One time when Jecca had a night appointment with a gallery owner, Kim had taken Jecca’s waitressing shift. Jecca hadn’t been able to persuade the gallery owner to buy her work, but Kim had sold three necklaces off her body while delivering people’s dinners. Afterward, it had taken two hours and two margaritas, but Jecca finally was able to laugh about the incident. Now, it was one of their favorite stories.
Andrea Malcolm’s gallery had been open only six months when Jecca went there. The snooty little man who ran the place made her wait an hour and a half before he’d even look at Jecca’s watercolors.
During her wait, she quietly sat there and observed what was going on. Two new artists came in with their work, and she saw each of them hand a hundred-dollar bill to the prissy little manager. And when an artist came to be paid, the man took a 45 percent commission.
Jecca watched and said nothing. If it got her paintings hung where the public could see them, she was willing to part with cash.

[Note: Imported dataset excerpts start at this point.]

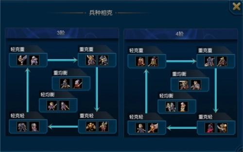 大致上,每个英雄和兵种都有自己的生命值,护甲,对重甲和对轻甲的伤害以及攻击距离和攻速,英雄通过装备和等级来提升,兵种则可以通过铭文和英雄来提升,铭文等一会在介绍根据英雄来提升就是上面所说的,兵种和英雄都分为轻甲和重甲,同时分为轻克轻,轻克重,轻均衡,重克重,重克轻,重均衡,轻克轻即为自身是轻甲而对轻甲的伤害较高对重甲伤害较低,其他同理,均衡即为对重甲轻甲伤害相同,不过具体每个英雄兵种的还是要看具体数值因为比如虽然说是重克轻但对重甲伤害同样不弱,兵种大致分为三阶,具体点击备战之后右上角就有总览可以看,分为三阶是因为同类型兵种也有强弱之分。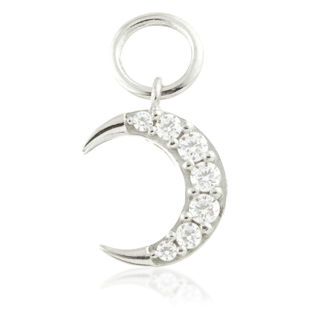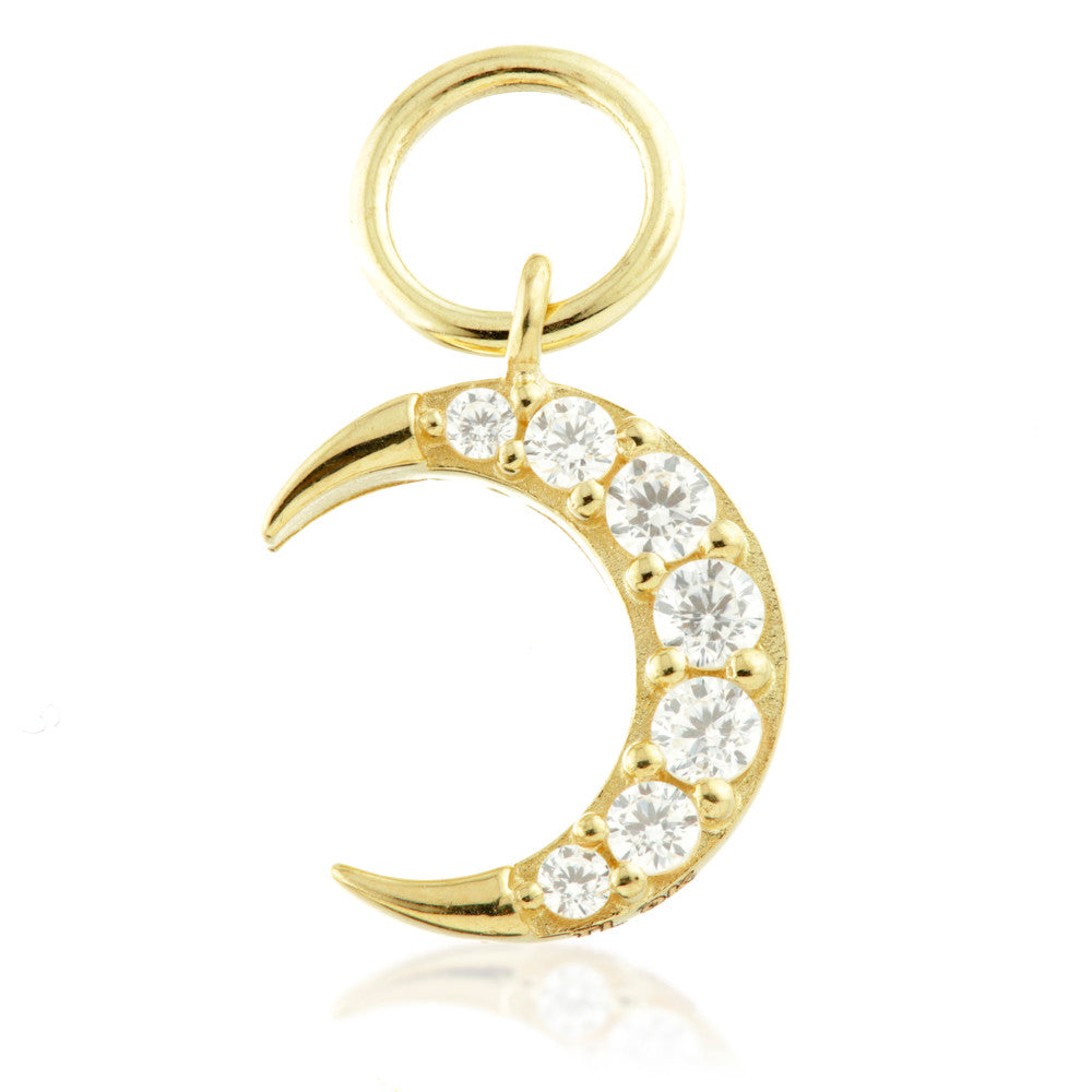 9 Carat Solid Gold Jewelled Moon Hoop Charm for Hinge Rings
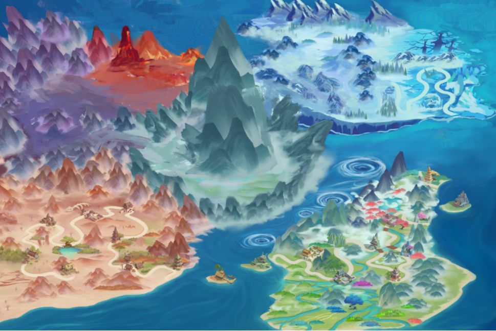北洲:放眼望去一片白雪皑皑,除了平原就是当地特有的冰树林,传说这里是雪麒麟栖息之地,但从来没有人见过。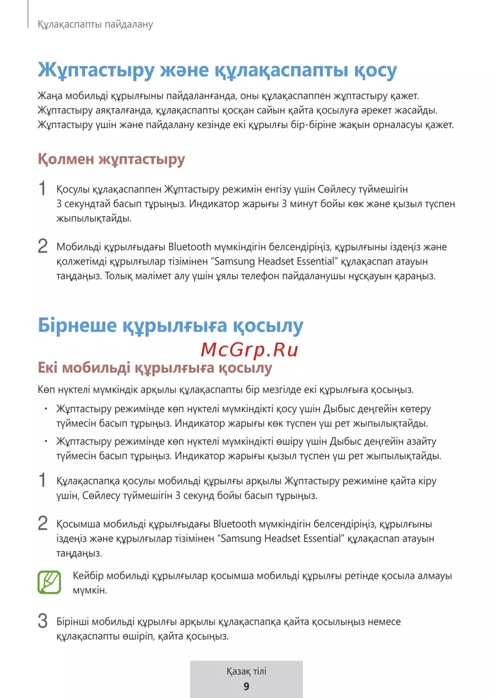 Жаңа мобильді құрылғыны пайдаланғанда, оны құлақаспаппен жұптастыру қажет.

But when he finally agreed to look at her work, he was the most hateful of anyone who’d critiqued her. “Technique is adequate,” he said. “But you lack any talent whatsoever.” He dropped the last watercolor on the desk in such an insolent way that the corner bent. She’d have to remat it.
Jecca was tired, hungry, and worn out from walking fifty blocks a day, and from being dismissed as though she didn’t matter. She opened her mouth to tell the dreadful little man what she thought of him, but then she looked up. Behind him was a narrow window into an office. A young woman was sitting at a desk, and her clothes looked like they cost more than the building Jecca’s apartment was in. Instantly, she was sure she saw what was going on. Bored rich woman opens a gallery so she can pretend to have a business and impress her friends. But she has no idea how to run it so she leaves it up to some guy who says he knows what to do.
Jecca didn’t say a word to the man but grabbed her portfolio, opened the door to the office, and went in. The man ran after her, but she leaned against the door and held it shut.